Similarity-Hierarchical-Partitioning (SHiP) Clustering Framework

This repository is the official implementation of the Similarity-Hierarchical-Partitioning (SHiP) clustering framework proposed in Ultrametric Cluster Hierarchies: I Want `em All! This framework provides a comprehensive approach to clustering by leveraging similarity trees, \((k,z)\)-hierarchies, and various partitioning objective functions.
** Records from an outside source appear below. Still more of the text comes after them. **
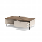 Dzięki przemyślanej konstrukcji z półkami otwartymi i szufladami zyskasz dodatkowe miejsce do przechowywania ulubionych książek, pilotów czy innych drobiazgów, co pozwoli Ci uporządkować przestrzeń i cieszyć się większą swobodą.
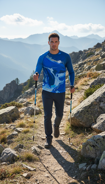 专业产品摄影风格,纯白色无缝背景,ISO 100,f/8光圈,柔和均匀的影棚灯光。画面左侧是一位金发白人男性徒步者,身穿橙色户外夹克、深灰色登山裤、棕色登山靴,背着黑色户外背包,手持图片中登山杖,侧身站立姿态自然。
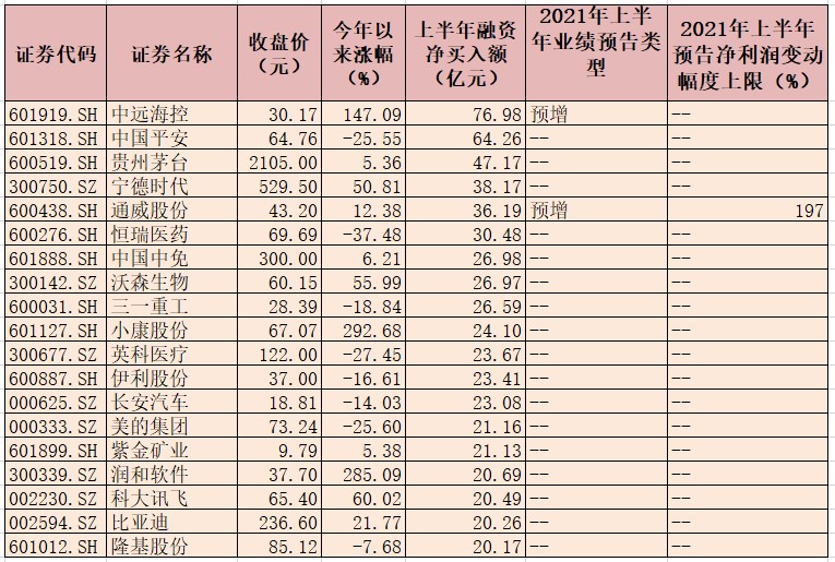 個股方面,今年上半年,共有1058只股票獲融資客加倉,其中,有440只個股期間融資凈買入額均超過1億元,中遠海控、中國平安、貴州茅臺期間融資凈買入額居前三,分別為76.98億元、64.26億元、47.17億元,寧德時代、通威股份、恒瑞醫(yī)藥、中國中免、沃森生物、三一重工等6只個股期間融資凈買入額均超過26億元。
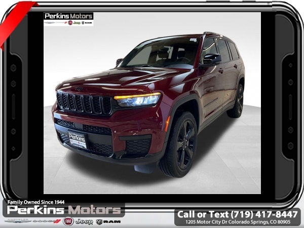 2024 Jeep Grand Cherokee L Altitude All Blacked Out, All the Right Moves<br>Velvet Red Pearlcoat • 4WD • 3.6L V6 • 8-Speed Automatic • One-Owner | Certified<br><br>This isnt just an SUV. Its a 3-row velvet-gliding, power-lifting, gloss-black stunner with brains, brawn, and just the right amount of attitude.<br><br>Altitude Appearance Package Gloss black wheels, blacked-out accents, and zero apologies<br><br>7-Passenger Power 3rd-row seating plus USB ports to keep the crew charged and comfortable<br><br>Comfort That Flexes Heated suede/leatherette seats, heated steering wheel, remote start<br><br>Loaded with Tech Wireless charging, rain-sensing wipers, power liftgate, selectable tire fill alert<br><br>Certified Pre-Owned 7-Year/100K Mile Powertrain Coverage and Roadside Assistance<br><br>Available now at Perkins Motors Elevating Colorado drives since 1944<br>Discover more at www.perkinsmotors.com
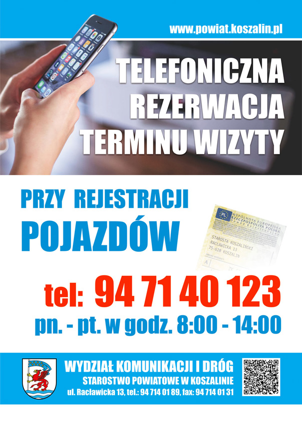 Wydział Komunikacji i Dróg Starostwa Powiatowego w Koszalinie informuje, że od dnia 09.01.2015 r. można dokonać rezerwacji terminu wizyty w sprawie rejestracji, przerejestrowania pojazdu i innych spraw dotyczących pojazdów pod nr tel. (94) 71 40 123 w godzinach od 8:00 do 14:00. Rezerwacji można dokonać maksymalnie do 2 tygodni przed planowaną wizytą.
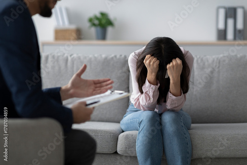 A woman is sitting on a couch, visibly distressed and crying while covering her face. A psychologist sits nearby, offering support and guidance during the therapy session.
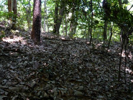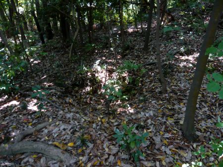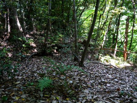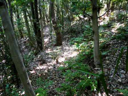 一旦1つ北の支尾根を伝って東の麓に下りて、城跡のある支尾根を登り直した。
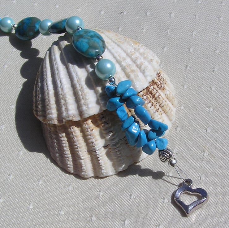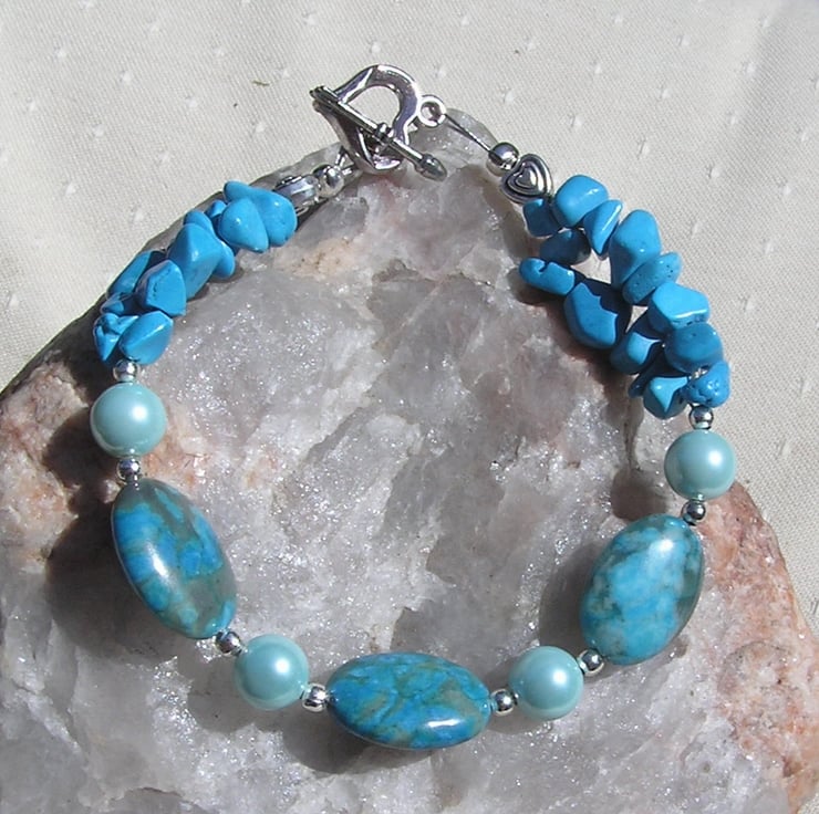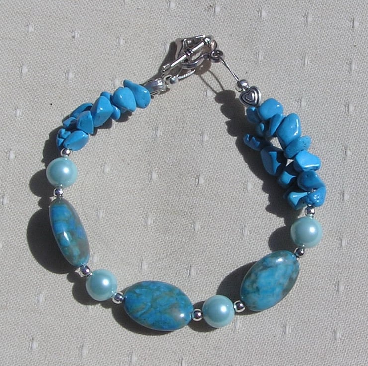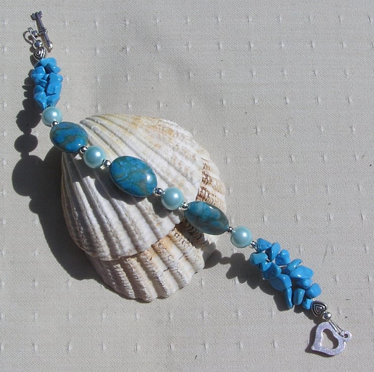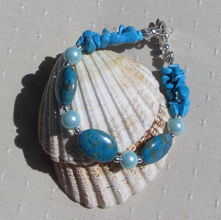 This Stunning Bracelet is made from Oval shaped Blue Crazy Lace Agate Beads teamed with Turquoise Shell Pearl round Beads and Blue Howlite Gem Chips - a Beautiful combination that will look stunning either worn casually or with something more Elegant for a Special Evening out
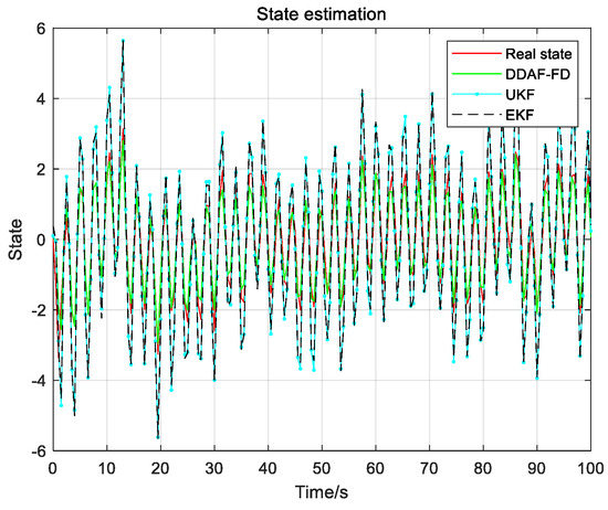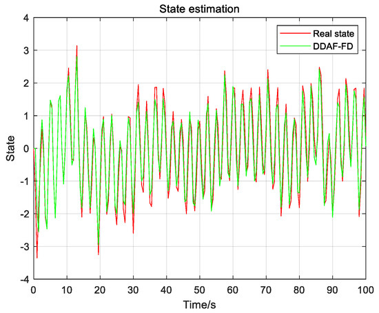where, and respectively represent the actual state and estimated state of the system. The mean absolute error pairs of DDAF-FD, UKF and EKF methods are shown in Table 1.
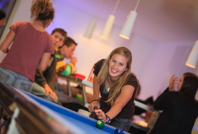 Auf 130 Quadratmetern kann die Freizeit mit verschiedensten Aktivitäten genützt werden. Es wird Billiard gespielt, gedartet, im Internet gesurft. Außerdem gibt es einen eigenen Besprechungsraum. Dort haben die jungen Menschen die Möglichkeit, mit einem Betreuer über Probleme und Sorgen zu reden.

The whole project is implemented in C++ and Python bindings enable the usage within Python.

Overview

The SHiP framework operates in three main stages:

Similarity Tree Construction: A similarity tree is built for the given dataset. This tree represents the relationships and proximities between data points. Note that the default constructed tree corresponds to the \(k\)-center hierarchy (Section 3 in the paper).
\((k,z)\)-Hierarchy Construction: Using the similarity tree, a \((k,z)\)-hierarchy can be constructed. These hierarchies correlate to common center based clustering methods, as e.g., \(k\)-median or \(k\)-means (Section 4).
Partitioning: Finally, the data is partitioned based on the constructed hierarchy and a user-selected partitioning objective function (Section 5).

Features

Similarity Trees: The package provides a set of similarity/ultrametric tree implementations:
- DCTree [1]
- HST [2]
- CoverTree [3]
- KDTree [3]
- MeanSplitKDTree [3]
- BallTree [3]
- MeanSplitBallTree [3]
- RPTree [3]
- MaxRPTree [3]
- UBTree [3]
- RTree [3]
- RStarTree [3]
- XTree [3]
- HilbertRTree [3]
- RPlusTree [3]
- RPlusPlusTree [3]
- Or use LoadTree to load a precomputed tree
\((k,z)\)-Hierarchies: It supports all possible \((k,z)\)-hierarchies, allowing flexibility in choosing the most suitable hierarchy for a given dataset.
- \(z = 0\) → \(k\)-center (actually in theory: \(z = ∞\), but in this implementation we use 0 for \(∞\))
- \(z = 1\) → \(k\)-median
- \(z = 2\) → \(k\)-means
- …
Partitioning Functions: A wide range of partitioning functions are available, enabling users to select the most appropriate function based on their specific needs:
- K
- Elbow
- Threshold
- ThresholdElbow
- QCoverage
- QCoverageElbow
- QStem
- QStemElbow
- LcaNoiseElbow
- LcaNoiseElbowNoTriangle
- MedianOfElbows
- MeanOfElbows
- Stability
- NormalizedStability

Customization: Users can customize the framework by selecting from the available similarity trees, \((k,z)\)- hierarchies, and partitioning functions.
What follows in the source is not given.